Ren blinks. Her eyelashes brush against the side of Hux's hand and Hux drops her hands quickly from where she's been holding Ren’s face this entire time. "Excuse me?"

"I need to keep Snoke distracted from looking too closely at my mind. His favoured apprentice suffering a crisis of faith and attempting to restore familial bonds with the resistance seems distracting enough."

"She's not my mother!"

"Objectively untrue," Hux says, impatient. "If you didn't want people to know you're embarrassing backstory you shouldn't go broadcasting your dreams all over the ship. I've just learned you're a more valuable asset than I thought previously. It would be remiss of me not to use all the resources at my disposal."

"And am I at your disposal, General?" Ren asks, faux innocence dripping from the words. Hux ignores the tone.

"Yes." Ren should learn not to ask questions if she doesn't want answers.

Ren looks a little startled, but then she smiles. Her teeth are crooked. It's infuriating. "I had best do this soon," she says. "Organa will be more affected if I still look injured, and also I'm going to need to be very high to have any sort of conversation with her."

"I trust you can secure your transmission well enough as not to draw suspicion?"

"I won't make it too easy, I promise."

"Let me know when you've finished," Hux says, straightening. Ren's hand shoots out and wraps around her wrist. Her hands are large and strong and she could probably hold Hux's entire forearm in the circle of her fingers. Hux stares down pointedly at the hand until Ren drops her hold.

"Yes, Ren?"

"Never mind. I'll send you a message when I'm done. You should try to get some sleep."

"Fuck you," Hux says, mildly, and leaves.

Phasma finds her an hour later forcing down an energy bar in her office. She's drafting messages to send to the rest of the high ranking officers if she's still alive in three days. The other generals are easy enough. They may not respect her, but they know what she's capable of and fear will work as a stopgap until she can figure out who among them can be brought to heel.

The Admirals are a different story.

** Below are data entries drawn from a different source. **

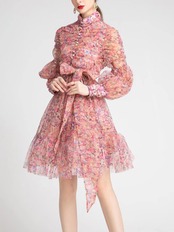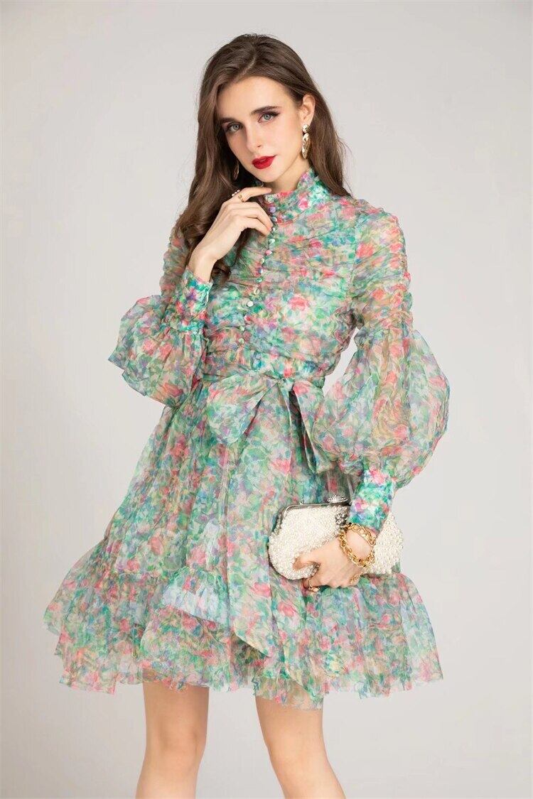 女性の 2022 春ランタン スリーブ メッシュ ミニ ドレス スタイリッシュなセクシーなパーティー ドレス ランタンスリーブ スプリング 春物 pri64807072987
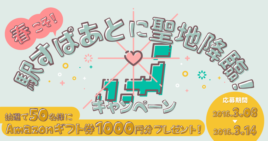 \7つの聖地を調べて1,000円分GET/「春こそ!駅すぱあとに聖地降臨!キャンペーン」3月8日からホワイトデーまで実施中!
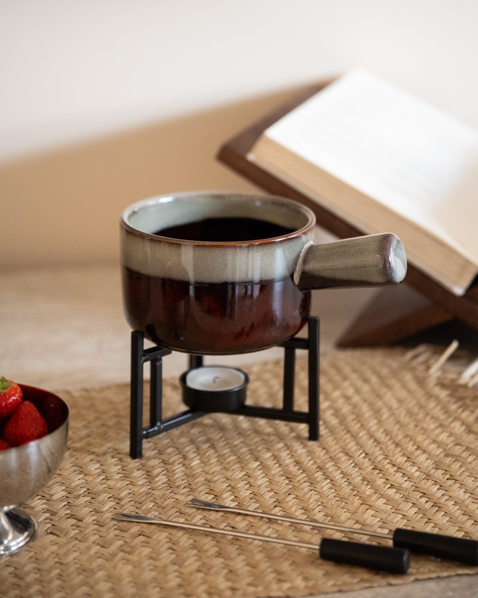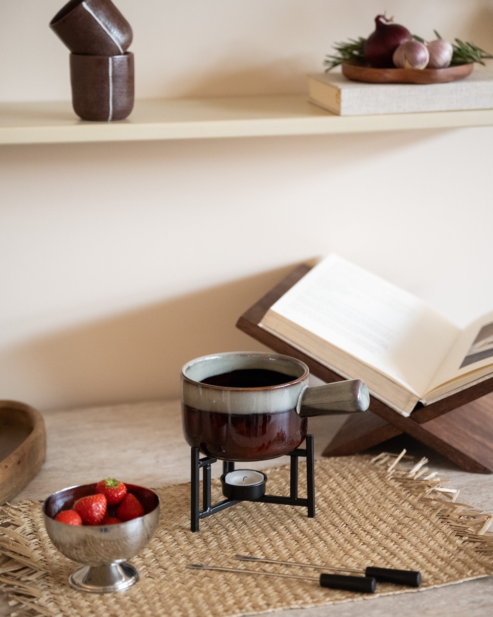 Make your drinks or dinner extra cozy with this ceramic fondue pot. Melt delicious cheese or chocolate in the pot and enjoy a delicious fondue together. Thanks to the practical handle, the pot is easy to move, and its warm, natural look makes it a perfect fit for any interior.
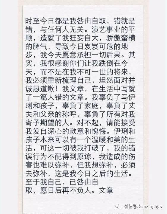 当时文章情深意切地发了条微博,向马伊琍认错。
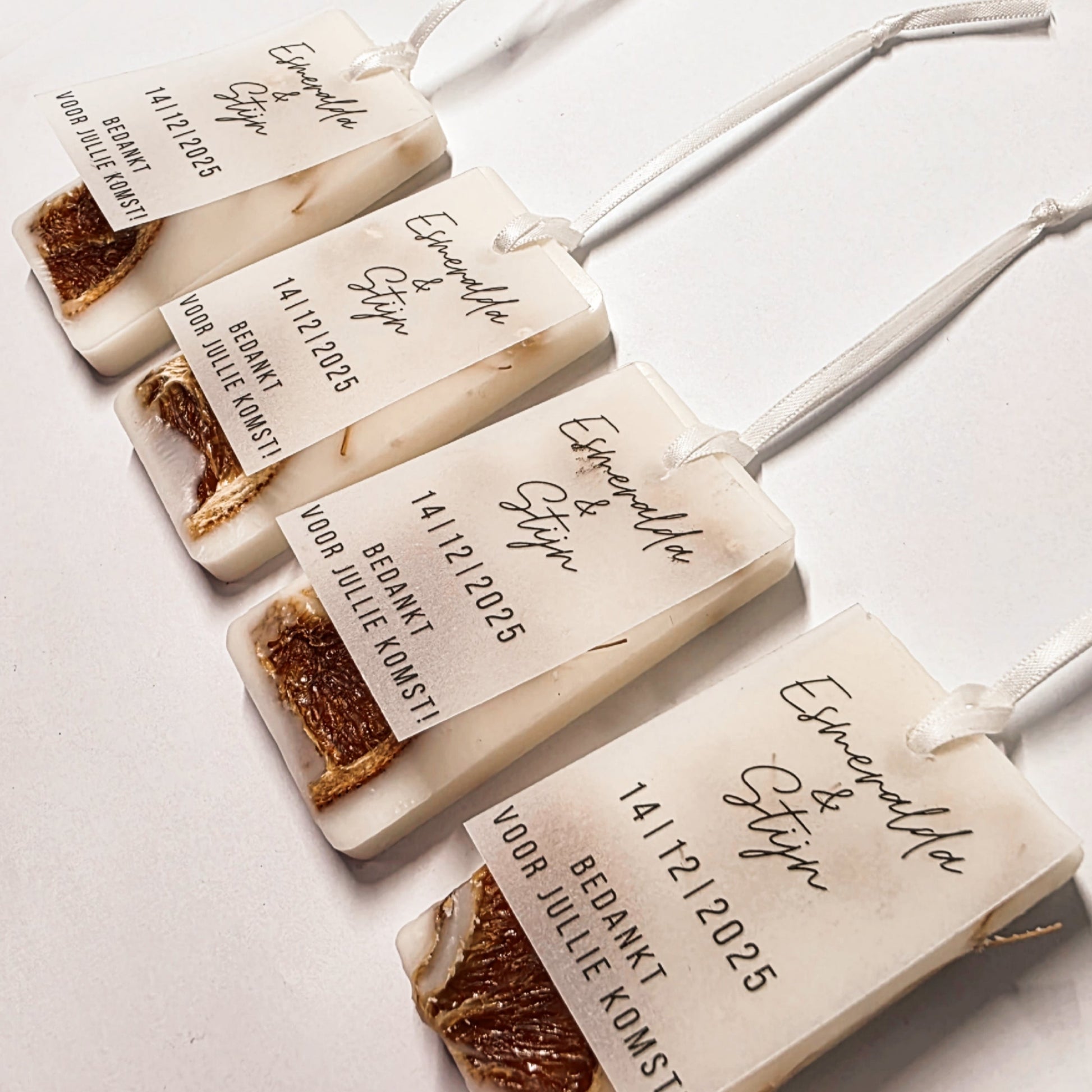 Op zoek naar een uniek en persoonlijk bedankje? Onze elegante sweet orange geurhangers van soja was is een perfecte keuze! Met een heerlijke zoete sinaasappel geur zorgt deze geurhanger voor een frisse en knusse sfeer in elk ruimte. Voeg een persoonlijke tekst toe voor een speciale touch. Kant en klaar verpakt in een stijlvol cellofaanzakje.
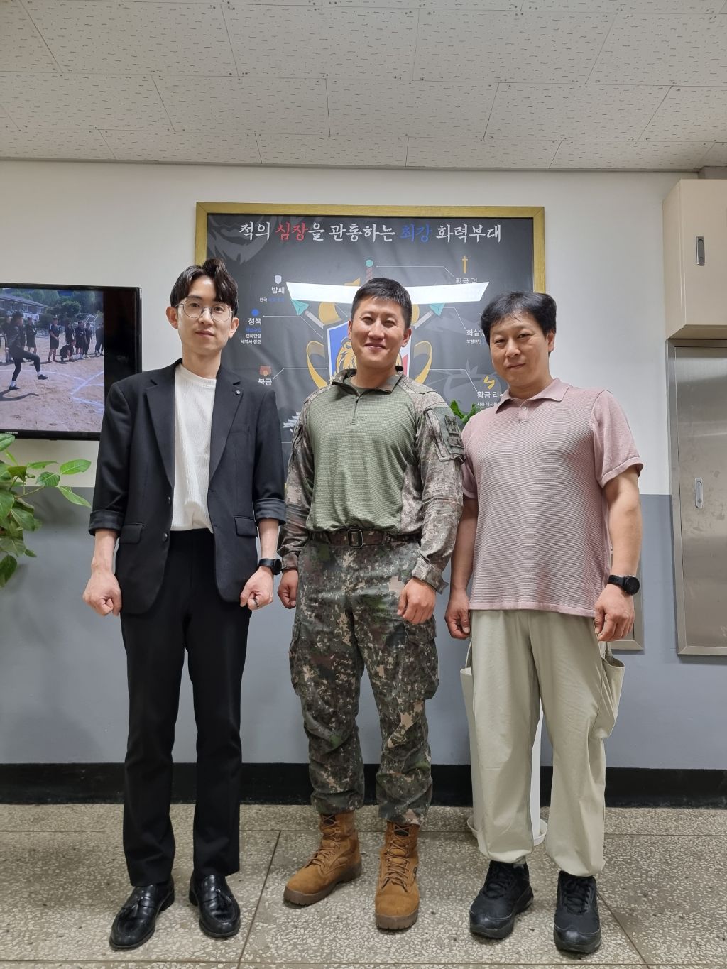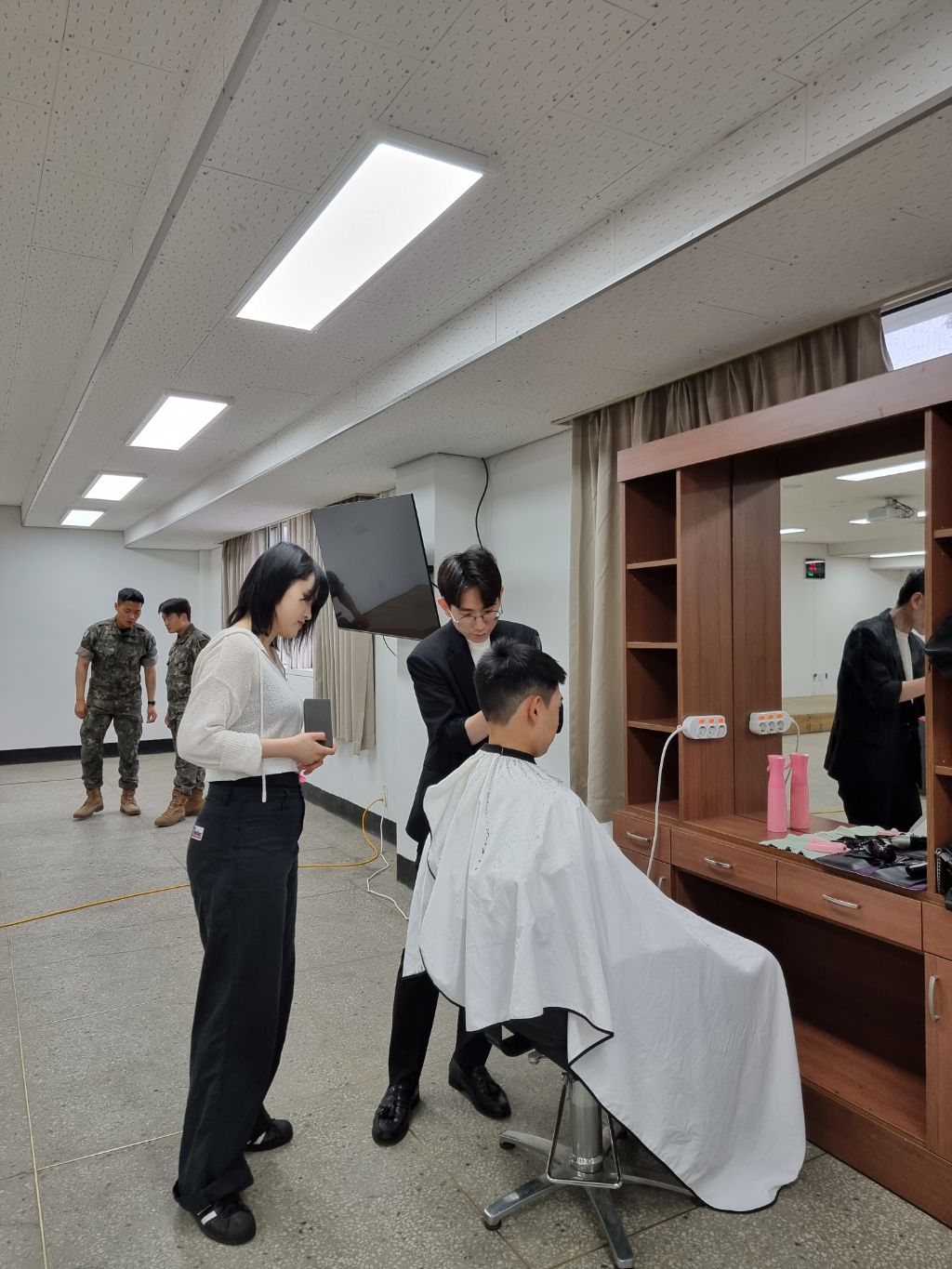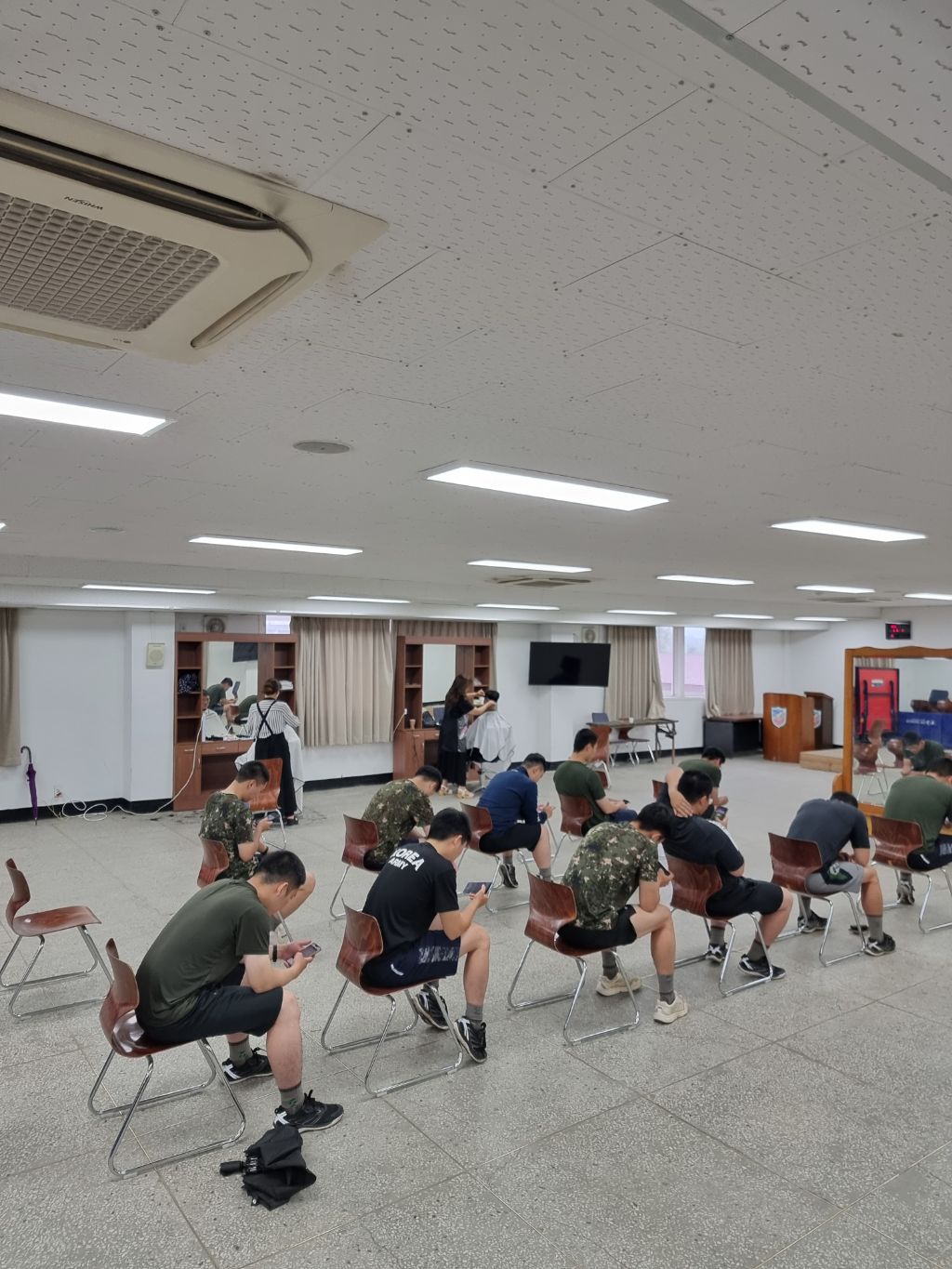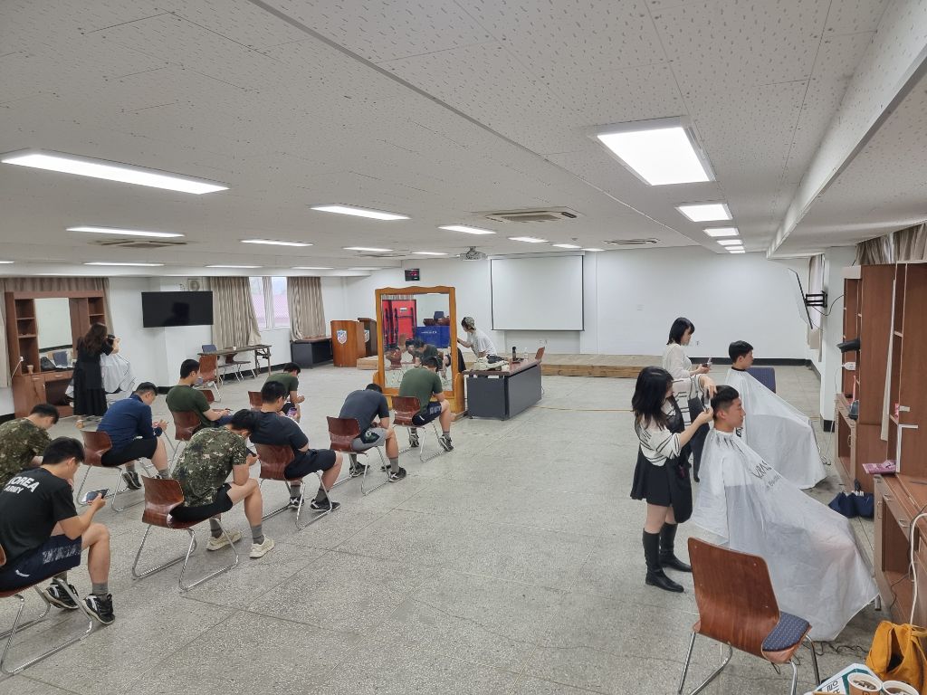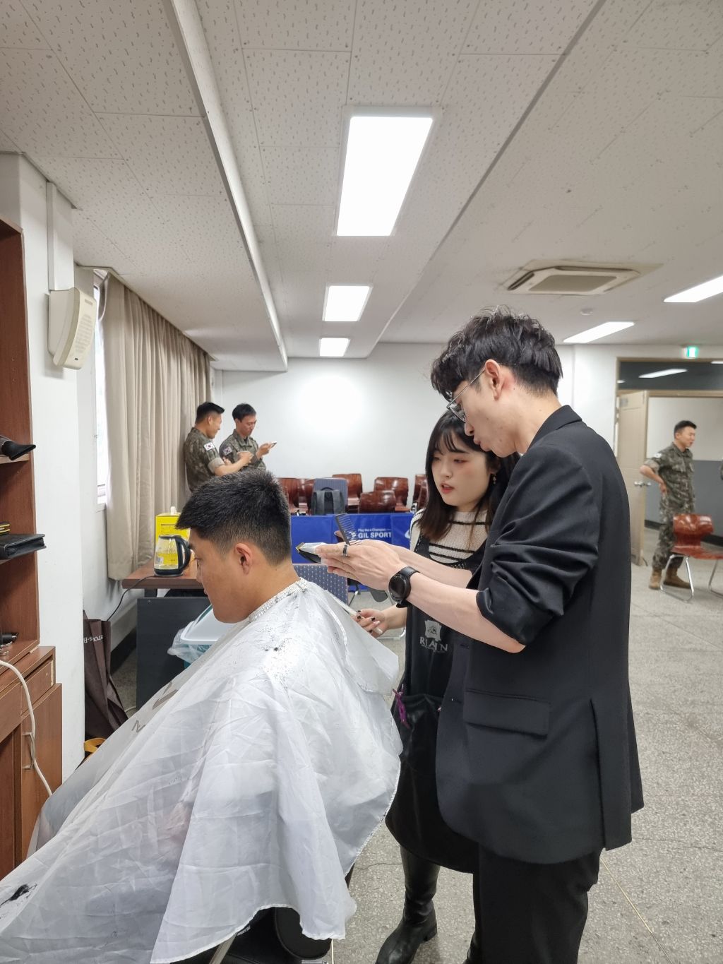수도포병여단 757대대 출신으로서 모부대 회장인 저와 공덕역에서 로윈헤어 미용샵대표 겸 대학에서 뷰티미용교수로 재직중인 우리 전우회 총무 그리고 757전우회와 운영벤치마킹 소통을 위해 2012년 부터 상호교류자매결연하고 있는 21사단 183포병전우회장과 미용디자이너 샘들과 함께 인천에 있는 제17보병사단 포병대대에 미용봉사를 다녀왔습니다
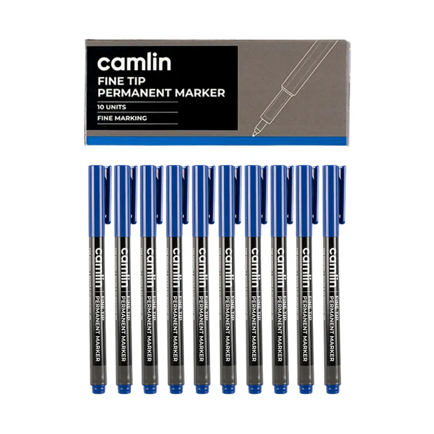 Camlin Fine Tip Permanent Marker (Set of 10 Units) for Fine Marking and Writing
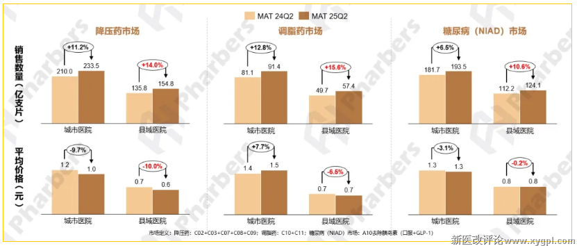 慢病市场的正增长主要来自药品销量的提升(>10%),而平均价格依然呈现降低趋势,特别是调脂药市场,其在县域医院的价格降幅显著高于城市医院(图2)。
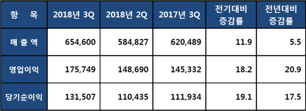 삼성전자는 31일 2018년 3분기 경영실적을 공시했다. 이에 따르면 매출은 65조4,600억원으로 전년동기대비 5.5% 증가했고, 영업이익은 17조5,749억원으로 전년동기대비 20.93% 증가했다. 당기순이익은 13조1,507억원으로 전년동기대비 17.49% 증가했다.
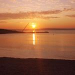 Die Sonne weckt uns und taucht Strand samt Hafen in schönes Morgenlicht.

The navy has a reserved sort of disdain for the army, and Hux is fully aware that by putting her in charge of the Finalizer Snoke had also painted a giant target on her back. If need be she believes the army can take control of the fleet, but she'd grown up on stories of Grand Admiral Thrawn (much to her father's disapproval), and she'd seen what Admiral Slone was capable of, and she will not make the mistake of under-estimating anyone based purely on affiliation. So. The letters to the Admirals are as respectful as she can get without showing weakness. It's a careful line to draw. Phasma's arrival is a welcome reprieve.

"Should you be out of Medical?" Hux asks. Phasma's wearing standard armour and no helmet and it's doing strange things to Hux's sense of reality.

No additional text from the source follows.